He had allowed ten minutes in planning for the next stage, so he lit another cigarette and sat smoking it as he watched the windows of the target’s apartment, checked traffic and the rare pedestrians, watched two more cars arrive and their drivers and one passenger go inside the building, and he listened. Listened to the night. Listened to life happening up and down the length and breadth of the great city.
When the ten minutes had passed, Fish opened the case and removed the second controller. He turned it on and waited for the green light that indicated it was ready to use. Meanwhile he started the engine of his car.
The green light came on. Fish aimed the controller at the window and moved the joystick full aft, then full forward.
Five seconds later he saw the glow in the apartment window, which quickly grew brighter. Then the apartment exploded. The windows blew out in a gout of fire.
Fish put the controller back in its box, closed the box and laid it on the seat behind him. He snicked the gearshift lever into drive and fed gas. Thirty seconds later he was rolling eastward, paralleling the Potomac, toward the center of town. Two minutes passed before he heard the first siren. He lit another cigarette.
The newspapers carried the story on the front page. Navy Rear Admiral (ret.) Jake Grafton had been appointed by the president as the new acting director of the CIA. I bought copies of three of the papers before boarding my plane in San Francisco and read the stories as the big bird winged its way eastward toward Sodom on the Potomac. According to the White House propaganda minister, the president needed several months to find a suitable candidate to be permanent director, nominate him or her and let the Senate do its advise-and-consent role.
Staring out the window as we flew over the Rockies and out over the Great Plains, I wondered what in the world Jake Grafton needed me for. He certainly wasn’t going to give me a big promotion and a department to run. Maybe he wanted me to bug the Oval Office. Or maybe not. With Jake Grafton, predictions were worthless.
I’d worked with him enough the last few years to know how his mind worked, which might best be described as unconventionally. He didn’t go from A to B to C and thereby arrive at D. He went straight from A to D. He was usually sitting on D while I was trying to figure out where B was. So Grafton was now acting director while I remained a grunt in the spook wars.
My old 1964 Mercedes 280SL coupe was right where I’d left it in the long-term parking lot at Dulles Airport. I threw my bag in, stuck the key in the ignition as I said a little prayer for the battery, then gave the key a twist. The starter ground a while before combustion began. I pumped the accelerator. After a pleasant roar, the old gal settled into a rocking idle with clattering valves. One of these days I am going to be forced to choose between trading cars and becoming a long-distance hiker.
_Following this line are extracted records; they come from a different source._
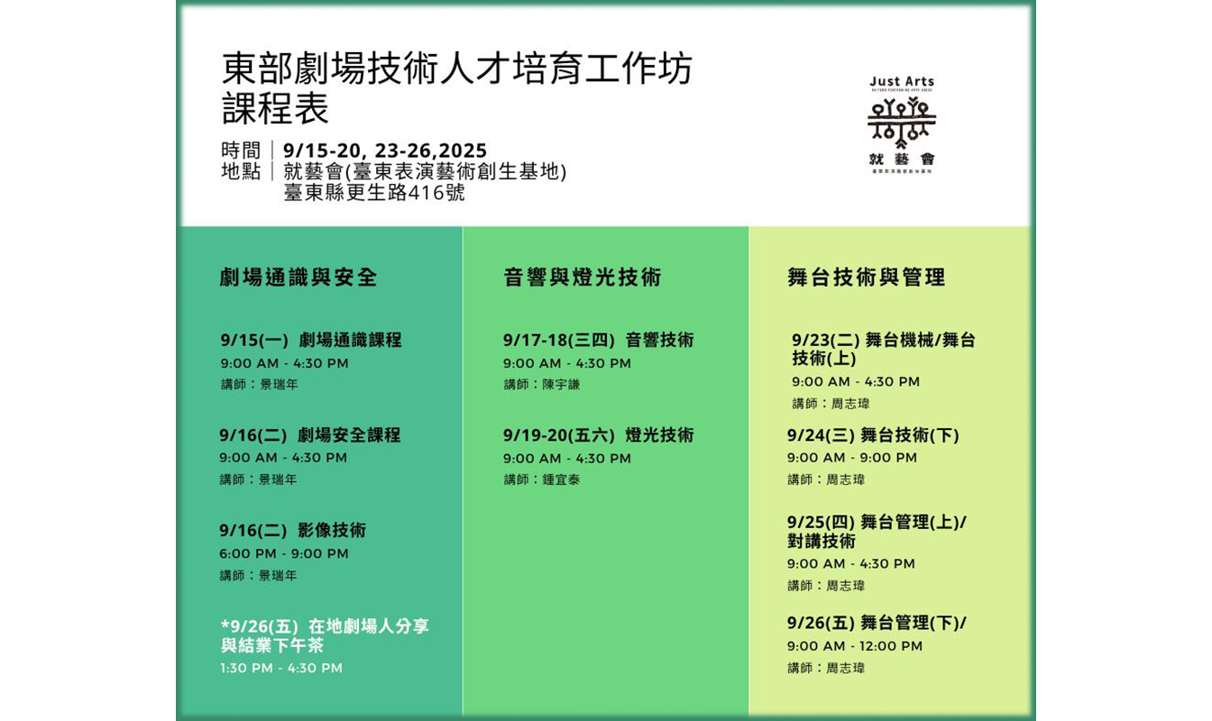 2025 劇點計畫:東部劇場技術人才培育工作坊|免費參加🔥 台東限定20名! 隨著台東表演藝術活動越來越蓬勃,劇場技術與舞台管理人才的需求正快速增加!這次的培訓計畫,將在就藝會展開,邀請你走進劇場專業領域,學習第一手技術!
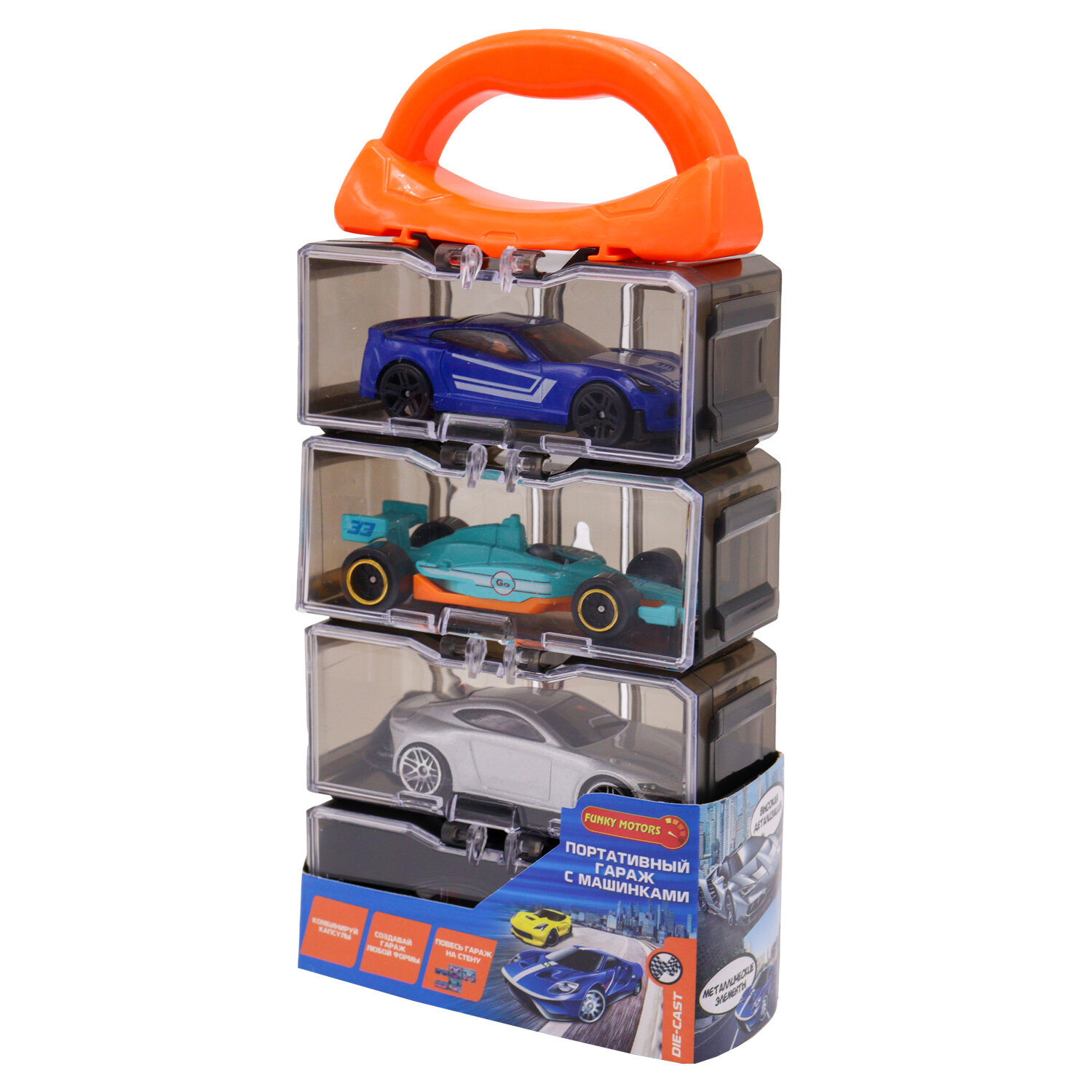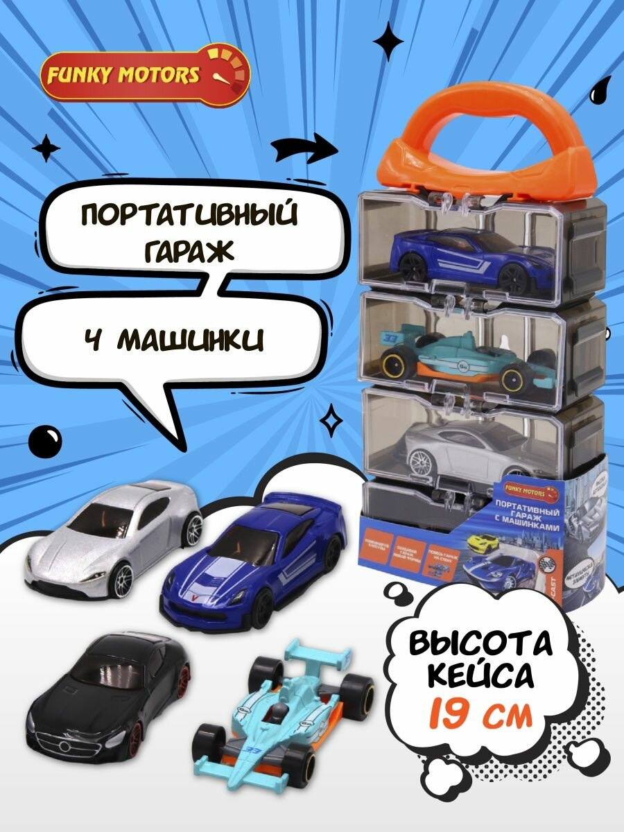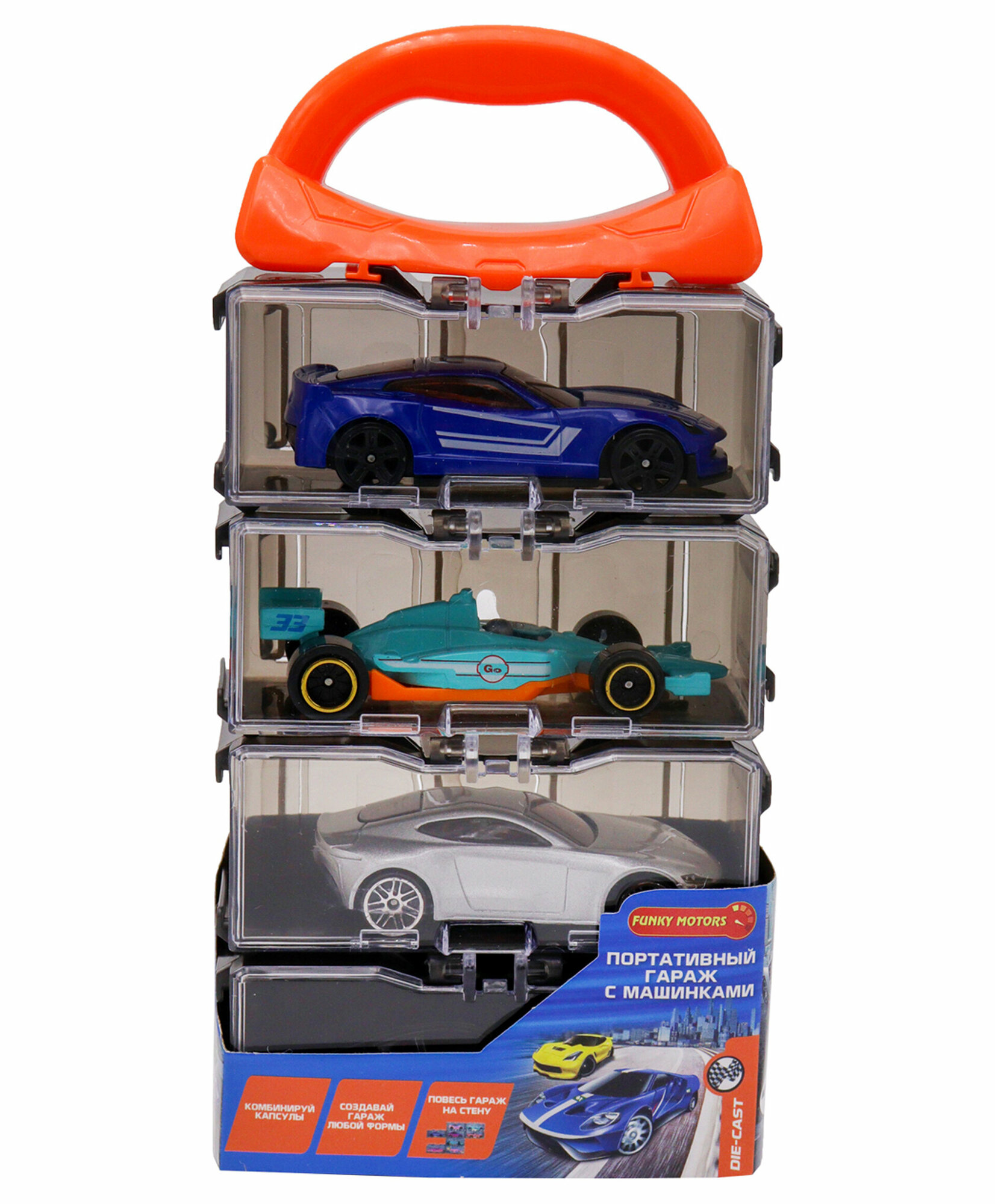 Игровой набор с коллекционными машинками Funky Motors выполнены в масштабе 1 к 64. Металлические элементы машинки наделяют ее ударопрочностью, а высокая степень детализации добавит еще большей реалистичность в игру. Портативный кейс позволит брать любимую коллекцию машин на прогулку, отдых или в путешествие, а также кейс для машинок можно использовать, как парковку или гараж.
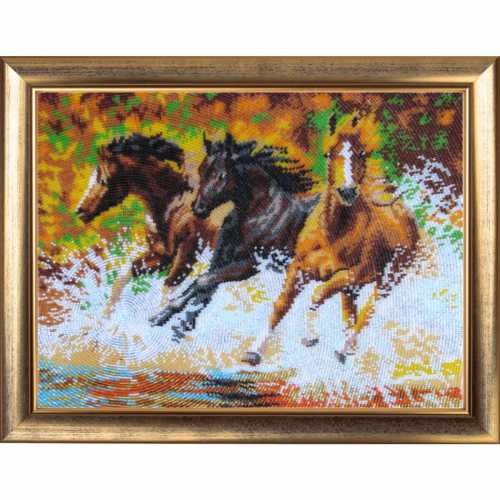 Набор для вышивки бисером с полной зашивкой и круговой техникой В звонком топоте копыт, арт. bf623, ТМ Butterfly содержит атласную схему, бисер Preciosa (Чехия, 17 цветов), инструкцию и иглу для вышивания.
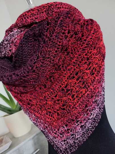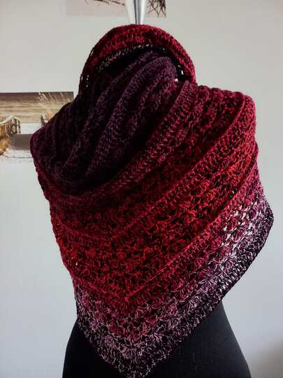 Die flache Variante des „Celestial“, ist im Gegensatz zur klassischen Variante, länger und ein nicht so tief gearbeitetes Dreieckstuch.
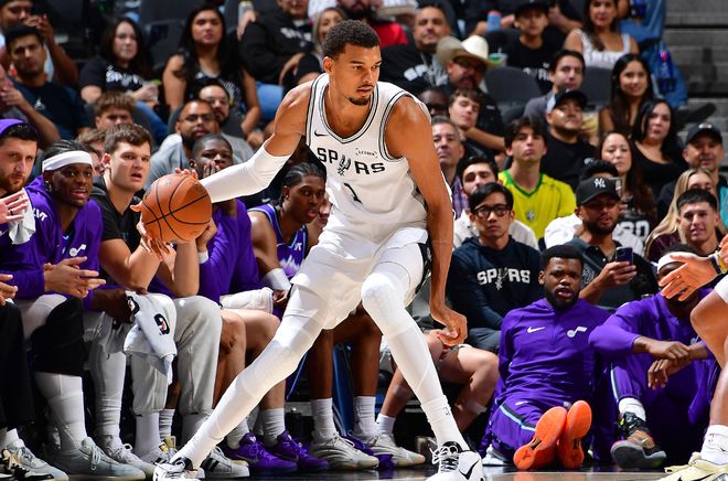 第一节马刺34-30领先4分,文班亚马开场迎着努尔基奇命中打板三分,之后突破上篮得分,首节最后40多秒,马刺新科榜眼哈珀与文班亚马完成不可思议的连线——文班刚过半场就示意哈珀空接,最终文班完成炸裂的暴扣2+1,马刺主场沸腾,但老乐福沦为背景板。
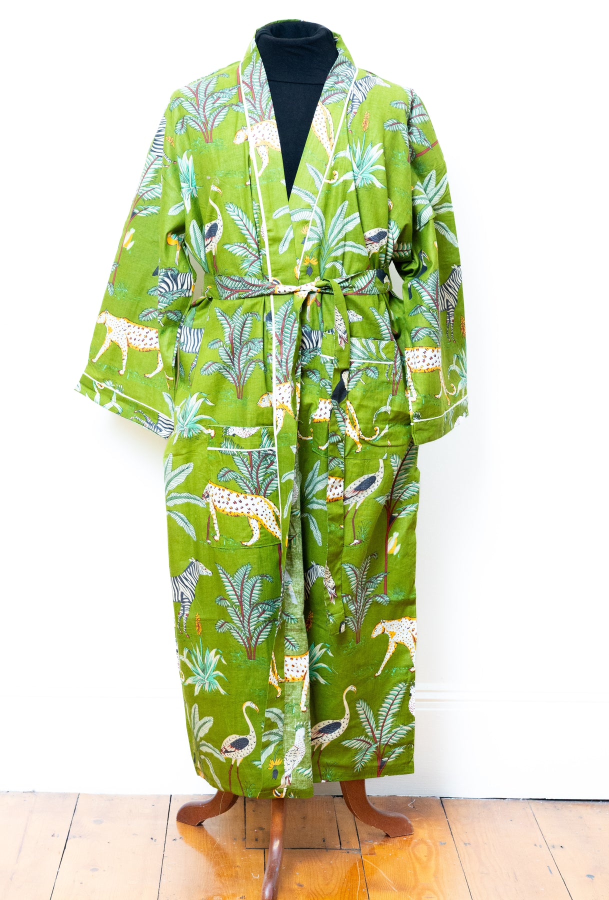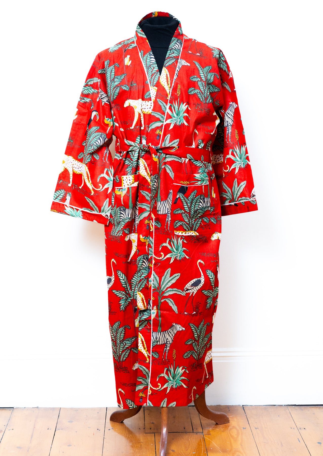 Wrap yourself in vibrant hues with our 100% cotton kimono-style dressing gown. Perfect for gifting or adding a pop of colour to your night-time routine. Heading on your holidays? Why not use it as a beach cover up!
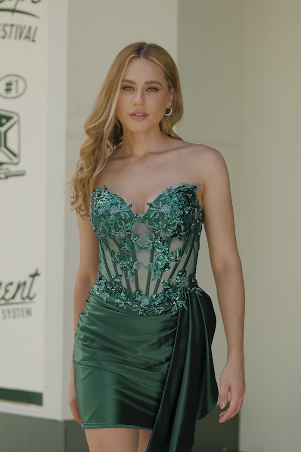 Sparkly Dark Green Strapless Corset Sequins Bodycon Graduation Dress with Streamer
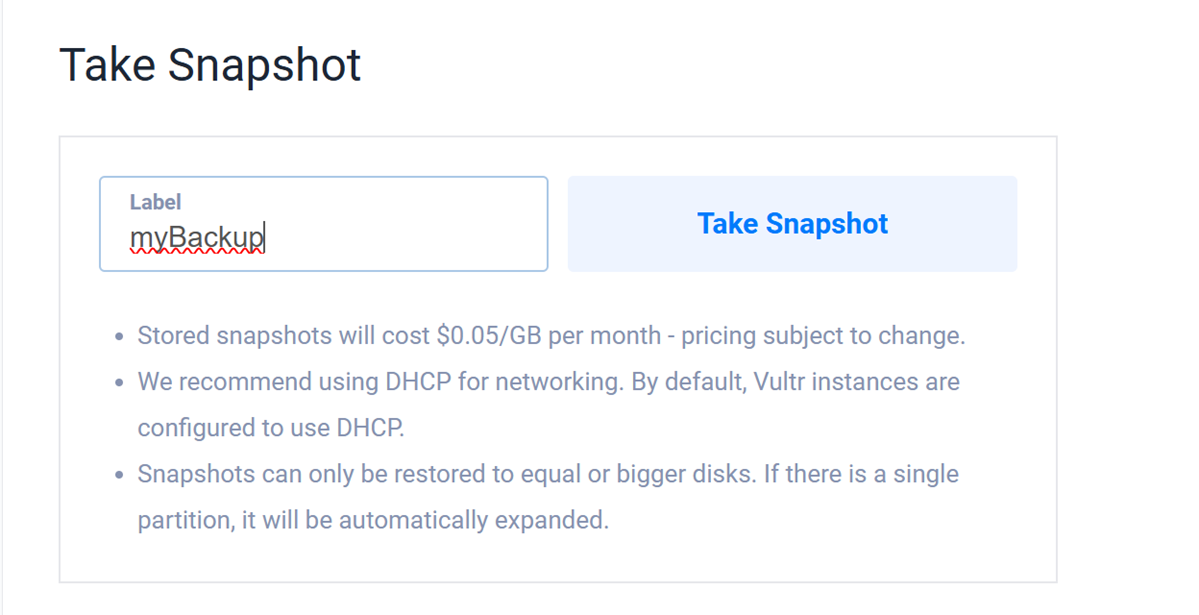 - Enter a new snapshot label in the Label field and click Take Snapshot.
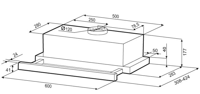 Габаритные размеры (В*Ш*Г), мм                177х600х308
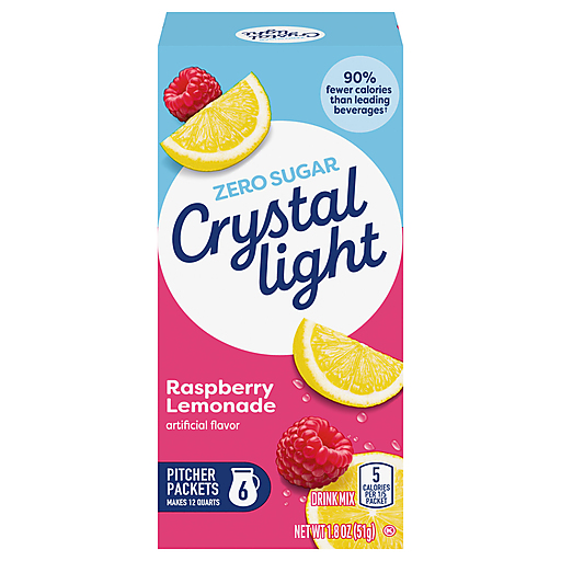 Crystal Light Artificially Flavored Raspberry Lemonade Powdered Drink Mix is a refreshing beverage you can enjoy at any time of day. With zero grams of sugar and only 5 calories per serving, Crystal Light is a sweet alternative to juice and soda and has 90 percent fewer calories than leading beverages (this product 5 calories, leading beverages 70 calories), so you don't have to choose between taste and calories. Classic lemonade with raspberry flavoring offers a refreshingly smooth taste. Each pitcher packet of powdered lemonade mix in this 6 count canister is perfectly portioned to make 2 quarts or 1 pitcher of Crystal Light lemonade, so there's plenty to share with family and friends. Simply mix one lemonade packet with 8 cups or 2 quarts of water, stir, and enjoy! All the flavor and only 5 calories... just the way you like it.
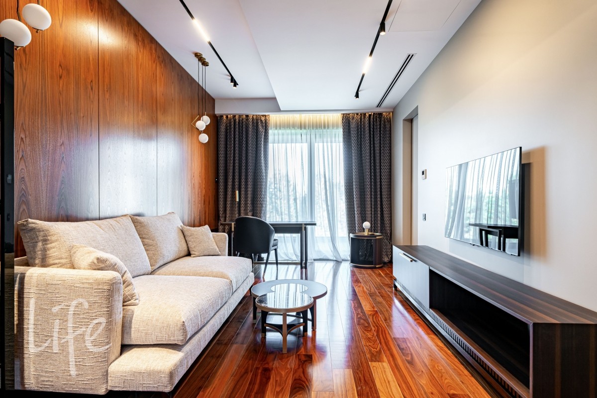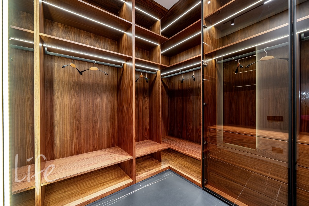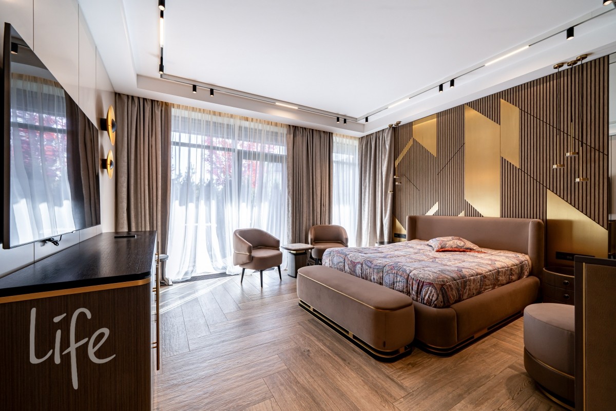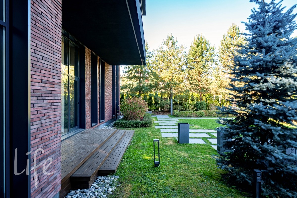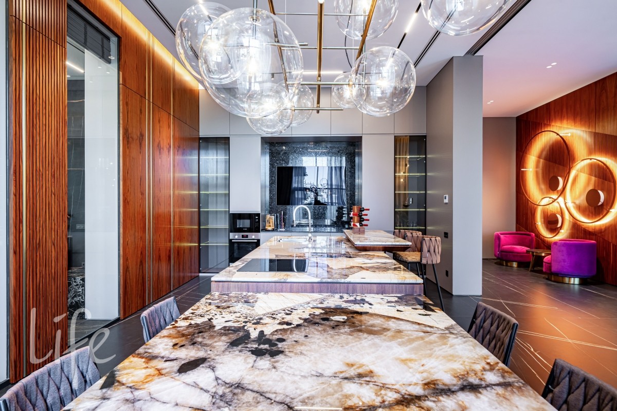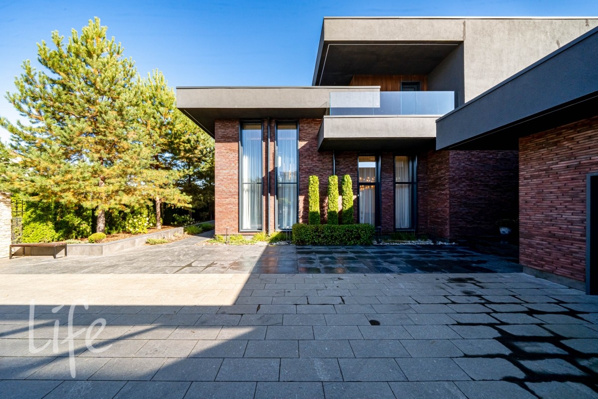 Современный интерьер продуман до мелочей, со вкусом подобрана мебель и предметы быта. Исключительно для собственного проживания, не на продажу. Мебель от таких компаний, как португальская Frato, итальянская Henge. Сантехника — от итальянских брендов CEA и Antonio Lupi. Продвинутое освещение — люстры и светильники от компании «Центрсвет», итальянских брендов. Для отделки столешницы кухни, бассейна и санузла выбран благородный кварцит. Бытовая техника премиум-класса: Samsung, Bosch.

It was nearly six in the evening, but I figured with his new elevation and all, Grafton would still be at the office. I confess, I was kinda curious about the sudden summons from an all-too-rare vacation. I tooled over to Langley, showed my pass to the gate guard and was admitted to the grounds.
I knew where in the complex the director’s office was, of course, although I had never before had occasion to visit the inner sanctum. The secretary in the outer office looked at my building pass and matched the photo to my dishonest phiz. I tried to look handsome. She had a nice jawline and good eyes, which I happen to like in women. Her long blond hair was tied up in a ponytail. Her legs were under the desk, so I couldn’t tell about them. Everything in sight looked great, though. She was at least a Goddess Third Class. Perhaps even a Goddess Second Class. Goddesses of any rank are rare, in my experience, especially in government service. The plaque on her desk said her name was Jennifer Suslowski.
“Do you have an appointment?”
“Unfortunately—”
“Admiral Grafton is in conference right now. Perhaps—”
“I have just returned from Moscow with Putin’s evil plan for world domination. Send him a note that I’m around and I’ll go get a sandwich. See you again in a half hour or so.”
In the cafeteria I got a turkey sandwich and a cup of lukewarm coffee. While I ate, I eyed up some of the egghead chicks and the seminary crowd, who were huddled over their tables and talking about anything but shop. The guys at the next table were discussing the football fortunes of the Redskins, who were trying desperately again this year to rise above mediocrity. At the table on my other side they were talking about the demise of the late director — was his death accident or murder?
Murder? The word jolted me.
A television mounted high in one corner of the room was airing a news channel. Finally I began paying attention. There had been a fire in an apartment building in Georgetown in the wee hours this morning. At least seven people died, including Director of National Intelligence Paul Reinicke, a retired air force four-star general. Police suspected a gas line leak, they said.
The White House press secretary had some wonderful things to say about Reinicke, whom I had never met. By reputation, which was merely Company shop talk, he was a paper-shuffling boob who demanded that intelligence analyses be edited to conform to his view of the world, which, amazingly enough, mirrored the worldview of the White House and National Security Council staff. “He’ll be greatly missed,” the press secretary said. Nothing was known yet about the other victims. Three people were hospitalized in critical condition with burns.
The director of the CIA, now the DNI. Being a big weenie in Washington was getting unhealthy.
A half hour later I was back looking at the director’s secretary, the goddess without a wedding ring. She glanced at me as I seated myself in one of the three empty chairs, and kept on with whatever she was doing on the computer. After a minute her phone buzzed. She answered it and talked in a low whisper. When she hung up, she said to me, “You may go in now.”
I went. Gave her a smile in passing, a deposit for the future. She didn’t smile back.
Grafton was pounding the keys of his computer when I entered the director’s office and closed the door. He didn’t look up, just said, “Hey, Tommy. Grab a chair.”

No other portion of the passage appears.